Supplied material:
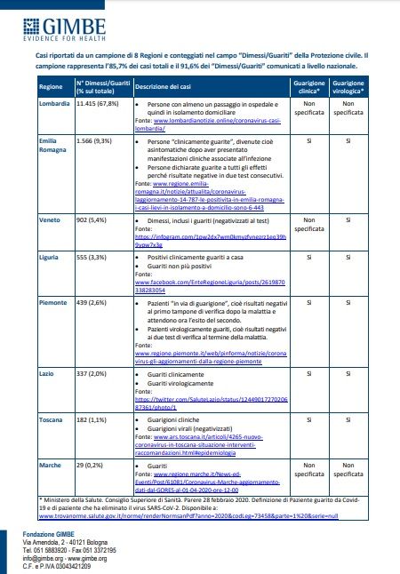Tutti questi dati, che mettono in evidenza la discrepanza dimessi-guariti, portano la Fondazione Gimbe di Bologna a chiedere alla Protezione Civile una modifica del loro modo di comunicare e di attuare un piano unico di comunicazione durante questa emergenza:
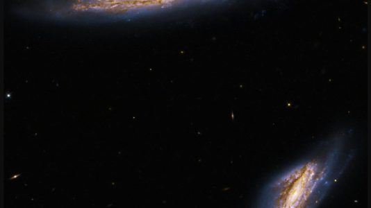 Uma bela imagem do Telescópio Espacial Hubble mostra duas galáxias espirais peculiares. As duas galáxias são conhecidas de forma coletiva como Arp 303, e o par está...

==

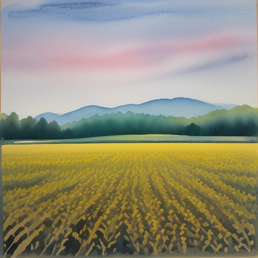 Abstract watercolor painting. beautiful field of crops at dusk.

What is required:
Within the listing above, the lines from the one with "Tutti questi dati, che" through the one with "Uma bela imagem" are to be given again word for word. Do not include pictures.

Completed exercise:
Tutti questi dati, che mettono in evidenza la discrepanza dimessi-guariti, portano la Fondazione Gimbe di Bologna a chiedere alla Protezione Civile una modifica del loro modo di comunicare e di attuare un piano unico di comunicazione durante questa emergenza:
 Uma bela imagem do Telescópio Espacial Hubble mostra duas galáxias espirais peculiares. As duas galáxias são conhecidas de forma coletiva como Arp 303, e o par está...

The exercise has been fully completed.